With LiveRamp’s lookalike modeling, you can create a modeled audience consisting of the consumers in the population dataset pool who share the characteristics of your seed audience. See below for an example showing how LiveRamp's lookalike modeling works, or see "Create a Lookalike-Modeled Audience" for detailed instructions.

Lookalike Modeling Example

Let’s say that about a fourth of your existing customer base are high spenders (shown in orange):


High Spenders (shown in orange)

Scoring the Characteristics of the Seed Segment

Once you create a seed segment that includes only those high spenders, we then append Data Marketplace data that includes multiple attributes (such as age, gender, income, and more) to those records. Using those attributes, we create a profile of the members of that seed segment that includes all the attributes that enough of those audience members share to be considered predictive.

For example, your seed audience of high spenders might share the attributes of "likes dogs", "has children", and "takes two or more vacations per year" (to varying degrees). So another consumer in the greater population who shares some or all of those attributes is likely to be a potential high spender and will be a good candidate for targeting.

Let's say half of your seed audience members share the attribute "likes dogs" (shown in orange):


Dog Lovers (shown in orange)

And a fourth of them have children (shown in orange):


Has Children (shown in orange)

And almost all of them take two or more vacations per year (shown in orange):


Takes 2+ Vacations Per Year (shown in orange)

Attributes that are shared across most or all of the seed audience members (in this example, taking 2 or more vacations per year) are considered strongly predictive, meaning that attribute likely correlates to the high spending behavior of the seed audience. Attributes that are not widely shared (in this example, having children) are considered weakly predictive.

Scoring the Population Dataset Characteristics

We then compare the predictive characteristics of the seed segment against the characteristics for the records in the population dataset.
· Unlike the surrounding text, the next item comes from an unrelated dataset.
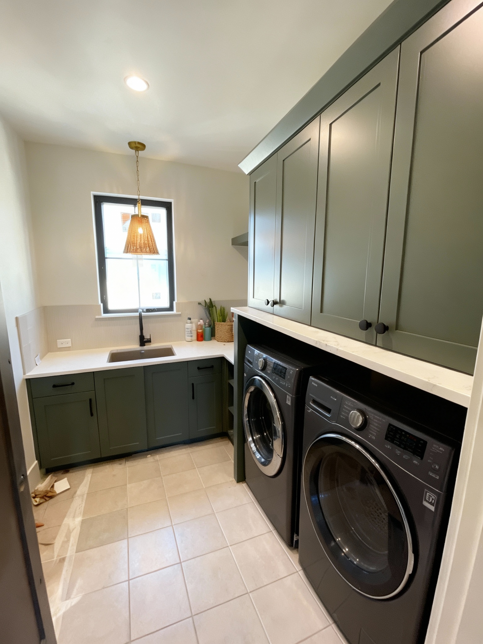 clean up the flooring of construction materials add fun modern tile add a washer and dryer stage the laundry room
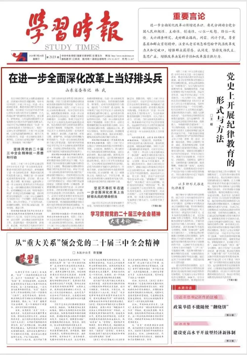 党的二十届三中全会聚焦推进中国式现代化,对进一步全面深化改革作出了系统部署。对山东来说,要全面抓好贯彻落实,同时结合自身实际,坚持问题导向,着力破解制约发展的深层次体制机制障碍和结构性矛盾,打开进一步全面深化改革新局面。

Each record in the population dataset is then scored based on the number and strength of any shared predictive attributes.

In this simplified example, the image below shows a possible scoring scheme on population data:

  • Gray shows consumers that don’t match the seed audience attributes in any way

  • Blue shows consumers that are a weak match (such as records that have only one weakly predictive attribute, like "has children")

  • Orange shows consumers that are a medium match (such as records that have two predictive attributes or one strongly predictive attribute, like "takes two or more vacations per year")

  • Red shows consumers that are a good match (such as records that have two or more strongly predictive attributes)

  • Green shows consumers that are a strong match (such as records that have all predictive attributes).


Based on the modeling, the consumers in green are more likely to become a high spender than the consumers in blue or orange. If you're mostly concerned with accuracy, you might want to target only the consumers in green. If you'd like more reach, you might include the consumers in red and orange. And if you want maximum reach while still preserving some of the benefits of lookalike modeling, you might also include the consumers in blue.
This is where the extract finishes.